MUGA: In job creation, Kenya opts for Philippines model

In Summary
  • Getting hundreds of thousands of young Kenyans overseas jobs may not have the same glamour as brand-new industrial complexes
  • But it does offer an immediate solution to the problem of youth unemployment.

If you agree with the view that our most urgent national priority  is to create jobs for our millions of unemployed youths, then the current government has good news for you.

Although not stated explicitly, the government seems to have embarked on an aggressive adoption of what I shall call 'the Philippines Model' in its policy for job creation.

This is a dramatic switch from previous governments promising (and failing) to give us 'Industrialisation on the South Korea Model'. Or creating a 'Silicon Savannah' to rival the iconic American 'Silicon Valley'.

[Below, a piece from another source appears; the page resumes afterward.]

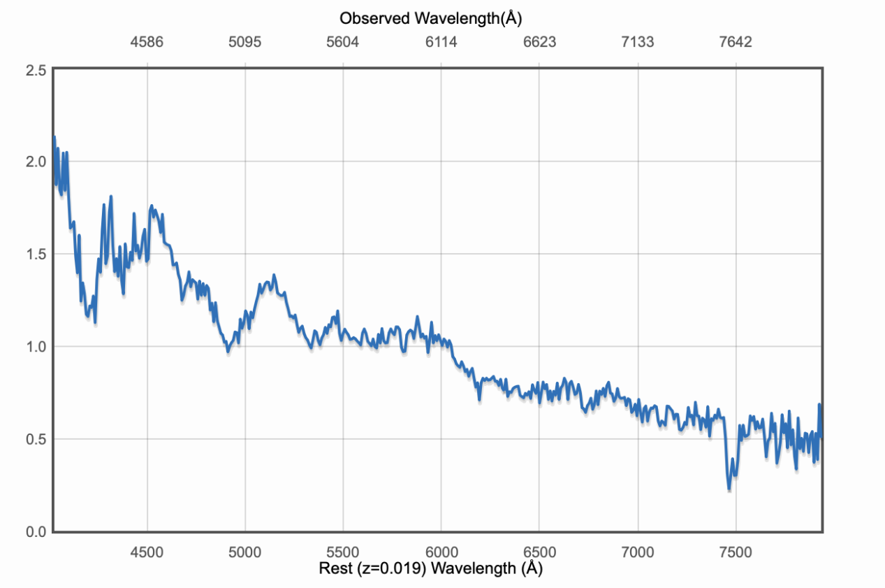 2月6日6时许,贝尔法斯特女王大学和牛津大学联合组成的河外暂现源团队(O×QUB)使用安装在利物浦望远镜(LT)上的暂现源快速采集光谱仪(SPRAT)对该候选体进行了光谱观测。当晚23时许,牛津大学物理系Shubham Srivastav博士将光谱及分类报告上传到TNS,证认该候选体是一颗Ia-91T-like型超新星,红移0.019。该候选体编号随之变更为超新星编号SN 2025aue。

For we could have dozens of foreign investors coming here to set up factories; or to establish ICT innovation centres; but even then, we could hardly hope to absorb any appreciable numbers of the roughly one million young Kenyans who enter the employment marketplace every year.

I have been fortunate to go on study tours of various countries over the years. In the course of these, I have visited massive industrial parks (in Egypt and Germany for example) which have the kind of enormous factories that most governors here in Kenya dream of having investors set up in their counties.

But the first thing you notice when you arrive at the industrial complex, is that there are very few cars in the rather small parking lot. And when you get inside one of these giant factories, you realise why this is so.

Apart from a handful of engineers in the control room, everything in that place is automated and requires no human hands. What you would call the 'factory floor' consists entirely of machines in an automated production line.

So, if a governor were able to get investors to set up such a factory in a suburb of his county headquarters, the locals would no doubt stare in awe at the sheer size of the building. But at most this would create a few dozen jobs.

So, it seems to me a positive step that the government is now defining this function, as not so much 'job creation' within our own borders, as a quest for 'global economic opportunities'.

And one of the countries that have had remarkable success in assisting its citizens to obtain such opportunities is the Philippines.

Training programmes provided inside the country, which lead to advanced accreditation in various fields (but above all healthcare) allow Filipinos to access jobs in the US, for example, for which they would not otherwise qualify.

And as was illustrated by the tragic example of the young Kenyans from the upper Rift Valley who sought similar opportunities for advanced training in Finland, this kind of initiative need not cost the government anything at all. The government just needs to play the role of facilitator and ordinary Kenyans will make heroic sacrifices to get their children into these programmes.

Such sacrifices are made out of an awareness that the escape from poverty is often a multigenerational effort. One qualified Kenyan working abroad can help educate younger siblings whom the parents might otherwise have been unable to support all the way to a university degree. The next generation in that family will then be technocrats – not small-scale farmers who have to sell their livestock to pay college fees for their kids.

Getting hundreds of thousands of young Kenyans overseas jobs in various categories may not have the same glamour as brand-new industrial complexes, with their many rows of factories and warehouses.

But it does offer an immediate solution to the problem of youth unemployment.